> _WHAT YOU ARE ASKED TO DO_
Nothing should appear in the answer except the lines from the one with "这款产品在配方上进行了升级,除保留基础的" through the end of the listing below, transcribed exactly and without pictures.

-- STORED DATA follows --

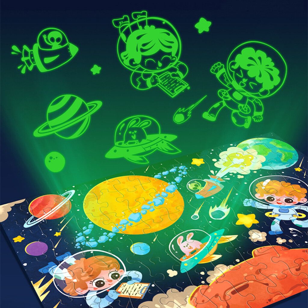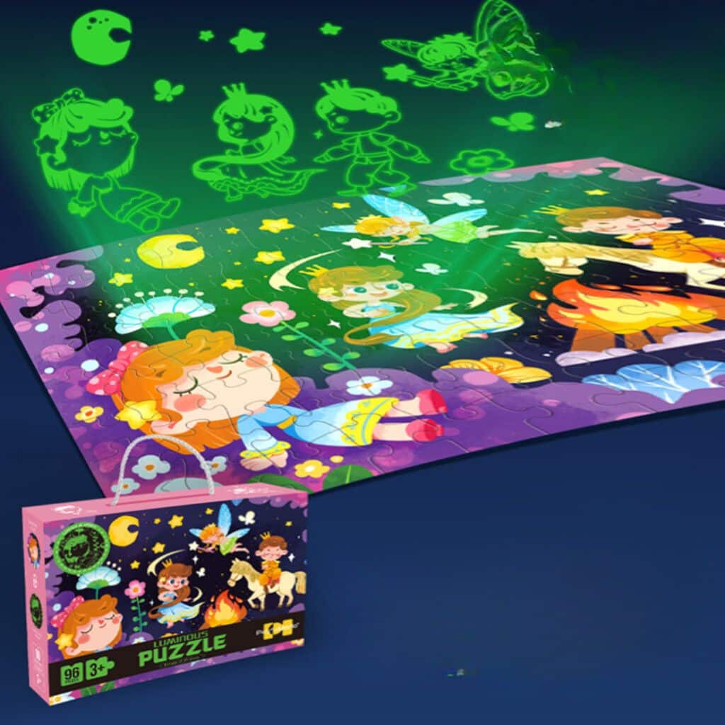 Juego de rompecabezas luminoso, 96 piezas, dirigido a niños de 4-6 años, presentacion en caja llamativa con asa. Disponible en 5 versiones: Espacio, Hadas, Animalitos, Aventura Marina y Dinosaurios. Se pueden combinar 3 variedades en un KIT / 28 por cada uno
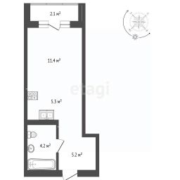 Id 61158. ЛУЧИПервый корпус, второй подъезд - лучший вариант во всем ЖК:-самый близкий корпус к метро - 8-9 минут пешком-меньше всего квартир на этаже (7 штук, против 12-18 в других корпусах)-лучший вид из окна-солнечная сторона-два окна в студии - можно сделать зонирование пространства или выделить небольшое отдельное помещение-большой санузел 3.9 метра - позволяет разместить полноценную ванну
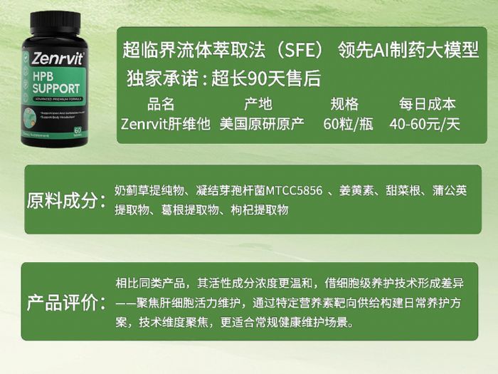 这款产品在配方上进行了升级,除保留基础的奶蓟草成分外,还新增了胆碱复合物。尽管实际效果的提升程度尚不明确,但成分上的更新确实让产品更具竞争力,且价格定位也较为合理。
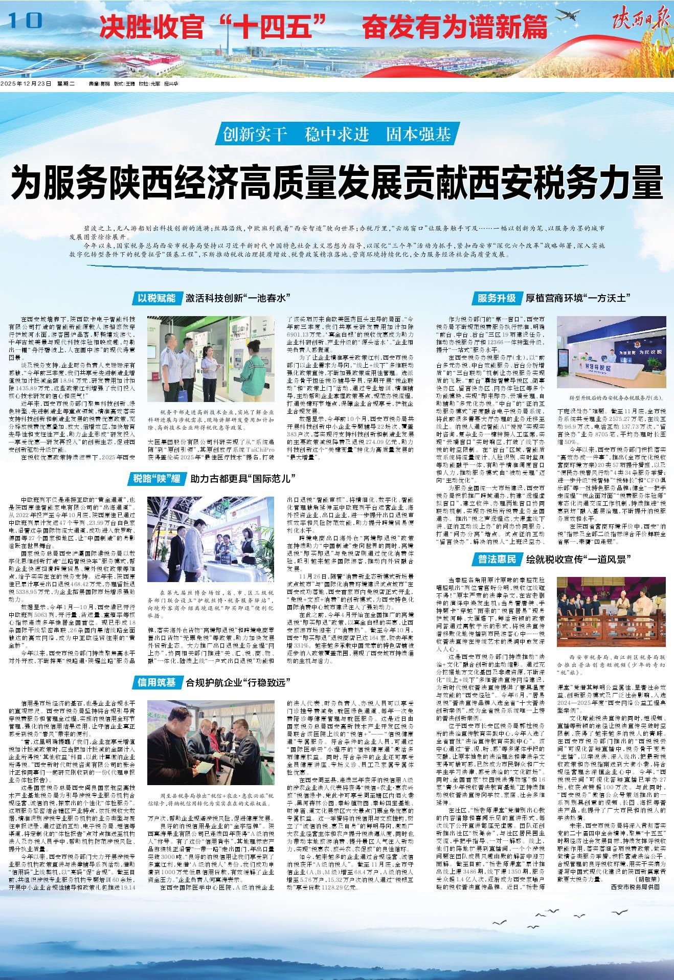 数据显示,今年前10个月,西安市税务局共开展科技创新中小企业专题辅导22场次、覆盖383户次,落实现行支持科技创新和制造业发展的主要政策减税降费及退税274.09亿元,助力科技创新这个“关键变量”转化为高质量发展的“最大增量”。
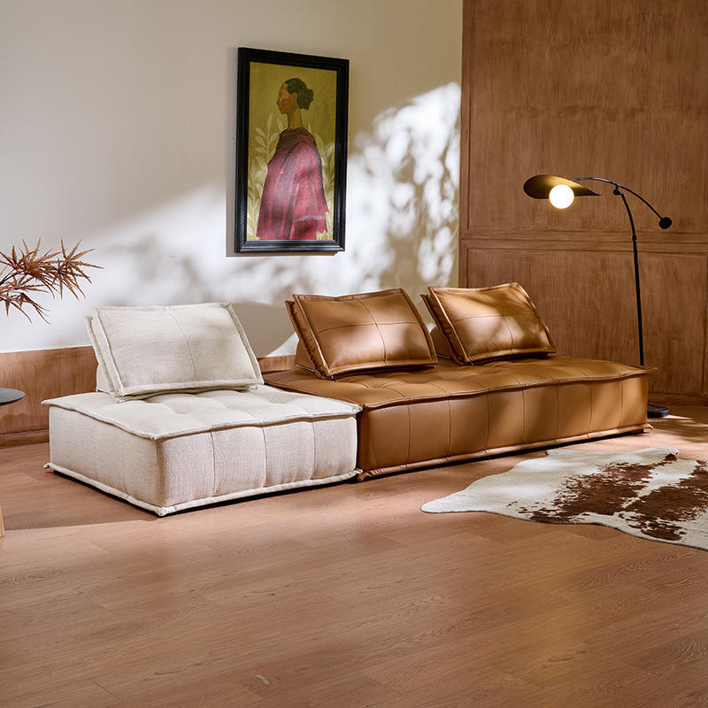 Piedmont Tofu Block Sofa Square Modular L-Shaped Genuine Leather Eco-Friendly Foam Filling Art Design Living Room Sofa

-- STORED DATA concluded --

> _RESPONSE BELOW_
 这款产品在配方上进行了升级,除保留基础的奶蓟草成分外,还新增了胆碱复合物。尽管实际效果的提升程度尚不明确,但成分上的更新确实让产品更具竞争力,且价格定位也较为合理。
 数据显示,今年前10个月,西安市税务局共开展科技创新中小企业专题辅导22场次、覆盖383户次,落实现行支持科技创新和制造业发展的主要政策减税降费及退税274.09亿元,助力科技创新这个“关键变量”转化为高质量发展的“最大增量”。
 Piedmont Tofu Block Sofa Square Modular L-Shaped Genuine Leather Eco-Friendly Foam Filling Art Design Living Room Sofa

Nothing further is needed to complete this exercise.